Hamas Siap Lepas Kekuasaan di Gaza, Tapi Tegaskan Tetap Jadi Bagian dari Rakyat Palestina

Oleh Aditya Yohan
SHARE   :

Hamas Siap Lepas Kekuasaan di Gaza, Tapi Tegaskan Tetap Jadi Bagian dari Rakyat Palestina
Foto: (Sumber: Ilustrasi - Anggota pasukan Brigade Al Qassam, sayap militer kelompok perlawanan Hamas Palestina. (ANTARA/Anadolu/as/am.))

Pantau - Gerakan Hamas menyatakan kesediaannya untuk menyerahkan pemerintahan Jalur Gaza kepada pihak lain, namun tetap menegaskan bahwa mereka tidak bisa dipisahkan dari rakyat Palestina.

Pernyataan ini disampaikan oleh pejabat senior Hamas, Ghazi Hamad, dalam wawancara dengan CNN pada Jumat, 26 September 2025.

"Kami siap tidak memerintah Gaza, kami tidak keberatan," ungkapnya.

Ia menambahkan bahwa eksistensi Hamas sebagai bagian dari rakyat Palestina tidak bisa diabaikan begitu saja.

Hamas telah menguasai Jalur Gaza sejak mengambil alih wilayah tersebut dari Otoritas Palestina (PA) yang dipimpin Fatah pada 14 Juni 2007.

Kekuasaan Hamas berlangsung hingga pecahnya perang Gaza pada Oktober 2023 yang menyebabkan krisis kemanusiaan besar-besaran.
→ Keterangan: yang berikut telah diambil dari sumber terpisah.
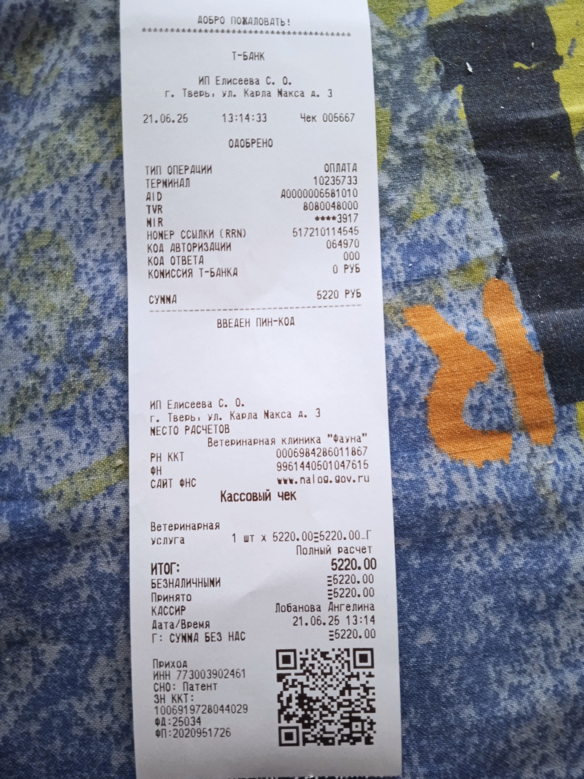 И это не простые слова... Ниже я привожу чек, в котором указана оплата ОДНОГО такого посещения! 5 220 рублей за полуторачасовой визит к ветеринару с учётом 10%-й скидки для пенсионеров... И это не считая расходов на лекарства, которые необходимо было приобрести в обычной аптеке... Итоговый счёт в результате не хитрых арифметических действий, – 6 тысяч рублей.

Rencana 21 Poin AS dan Penolakan Hamas

Pernyataan dari Hamas muncul tak lama setelah Presiden Amerika Serikat Donald Trump mempresentasikan rencana perdamaian berisi 21 poin dalam Sidang Umum PBB ke-80 di New York.
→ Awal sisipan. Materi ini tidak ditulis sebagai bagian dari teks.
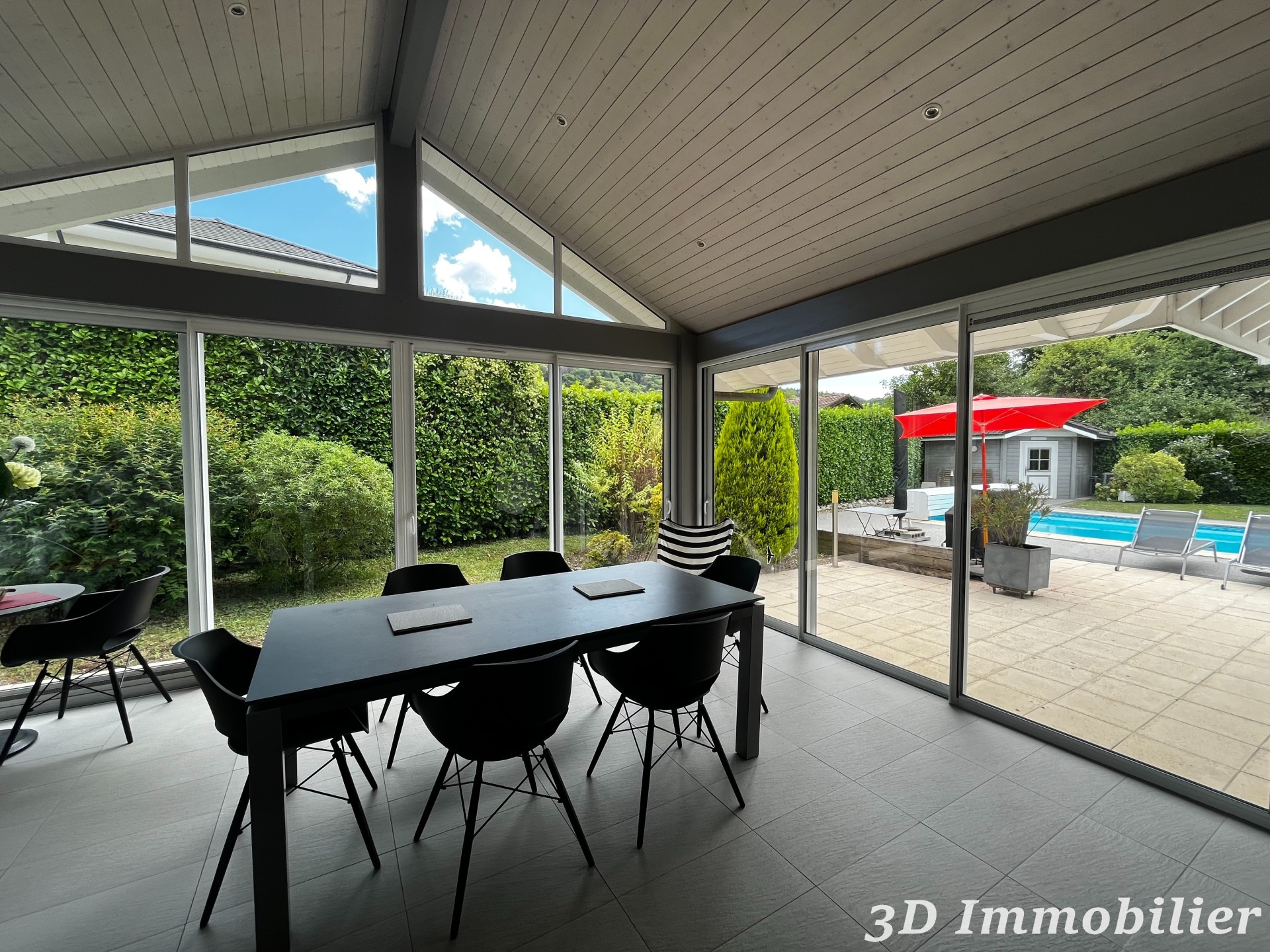 An invitation to the sweet life in the heart of Lake Geneva In the peaceful residential setting of Sciez-sur-Léman (74140), just ten minutes from the CEVA Perrignier train station, an architect-designed residence with rare charm is revealed, designed for lovers of light, space, and nature. A haven of serenity: Built on a wooded plot of 1000 m², this 120 m² house combines contemporary elegance and family comfort. Its vast southwest-facing terrace promises unforgettable sunsets, while its swimming pool invites you to relax in the summer. Inspiring volumes On the ground floor, the living room is centered around a central fireplace, the warm heart of winter evenings. The cathedral-style dining room, bathed in light, opens onto a modern and functional kitchen. A veranda extends the living space towards the garden, offering a soothing view of the greenery. A floor under the stars Upstairs, three attic bedrooms welcome dreams, two of which have access to a private balcony. A bathroom and convertible attic space complete this level, offering possibilities for expansion or creating an office space, workshop, or games room. Functionality and practicality: A spacious garage with storage, two garden sheds, and three parking spaces ensure an uncompromising daily life. Details of the surfaces Ground floor: Entrance hall: 8.05 m² Living room: 25.27 m² Veranda: 20.82 m² Open kitchen: 20.03 m² WC: 1.41 m² Garage: 26.33 m² Shelters: 6.50 m² and 12.58 m² Floor: Mezzanine: 11.15 m² Bedrooms: 9.99 m² / 9.34 m² / 8.69 m² Balcony: 4.80 m² Shower room: 3.26 m² Attic: 16.30 m² To discover this exceptional property Contact Fabrice Sache, independent sales agent in the Lake Geneva area: +33 (0)6.26.74.60.46 Or the real estate agency located in the Jura: +33 (0)3 84 44 91 31 Non-binding advertisement – Reference: FS5333

Rencana itu antara lain mencakup pembentukan pemerintahan baru di Gaza tanpa keterlibatan Hamas, pembentukan pasukan keamanan gabungan Palestina dan negara-negara Arab-Muslim, serta pendanaan rekonstruksi Gaza oleh negara-negara Arab-Islam dengan peran terbatas dari Otoritas Palestina.

Trump mendesak para pemimpin negara-negara Arab dan Muslim untuk mendukung rencana tersebut sebagai solusi permanen konflik Gaza.
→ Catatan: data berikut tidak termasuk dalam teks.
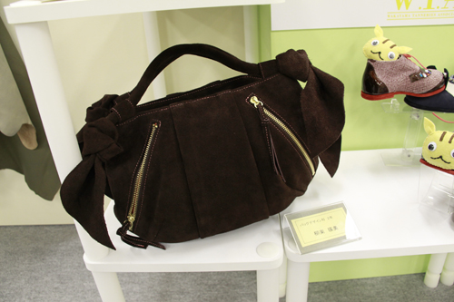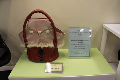 また、展示コーナーではファッション工芸専門課程の学生作品(バッグ・シューズなど)が展示されました。服飾関連の学校が多数参加するなか、文化服装学院の作品はアート的なものから、実用的・機能的なデザインの作品まで、もっとも多くの作品が出展され、個性豊かな学生作品に業界関係者の方々の注目を集めていました。

Sementara itu, Perdana Menteri Israel, Benjamin Netanyahu, menegaskan bahwa tujuan utama perang adalah membebaskan semua sandera, menghancurkan kemampuan militer dan pemerintahan Hamas, serta memastikan Gaza tidak lagi menjadi ancaman.

Netanyahu secara terbuka menginginkan penghapusan total peran Hamas dari wilayah tersebut.

Serangan Udara Israel dan Nasib Delegasi Hamas

Dalam wawancara tersebut, Ghazi Hamad juga mengungkapkan bahwa ia selamat dari serangan udara Israel di Qatar, yang disebutnya sebagai "suatu keajaiban".

Ia menuduh bahwa Israel menargetkan pihak-pihak yang terlibat dalam negosiasi gencatan senjata.

Pada 9 September, Israel melakukan pemboman terhadap kepemimpinan Hamas di ibu kota Qatar, Doha.

Menurut Hamas, delegasi yang dipimpin Khalil al-Hayya selamat dari serangan tersebut.

Namun, kepala staf delegasi Hamas, Jihad Lebed, tewas bersama putra Khalil al-Hayya, Hammam, serta tiga ajudan lainnya.

Tawanan dan Seruan Gencatan Senjata

Mengenai proposal Amerika Serikat yang menawarkan pembebasan semua sandera – baik yang masih hidup maupun telah meninggal – sebagai imbalan atas pembebasan ribuan tahanan Palestina dan gencatan senjata segera, Hamad menyatakan bahwa Hamas sebenarnya menghendaki penyelesaian menyeluruh.

Ia menegaskan, "Kami bisa mengembalikan semua sandera dalam waktu 24 jam, tetapi Israel menolak."

Hamad juga membantah tuduhan bahwa Hamas menggunakan para sandera sebagai tameng manusia.

Sementara itu, sayap militer Hamas, Brigade Qassam, memperingatkan bahwa operasi darat Israel memperbesar risiko keselamatan para sandera.

Menurut data otoritas Israel, sebanyak 48 sandera masih berada di Gaza, dan sekitar 20 di antaranya diyakini masih hidup.

Di sisi lain, lebih dari 11.100 warga Palestina ditahan di penjara-penjara Israel.

Lembaga hak asasi manusia menyatakan bahwa para tahanan Palestina mengalami penyiksaan, kelaparan, dan kelalaian medis selama dalam tahanan.

Sejak pecahnya perang genosida Israel di Gaza pada Oktober 2023, lebih dari 65.500 warga Palestina telah tewas, sebagian besar korban merupakan perempuan dan anak-anak.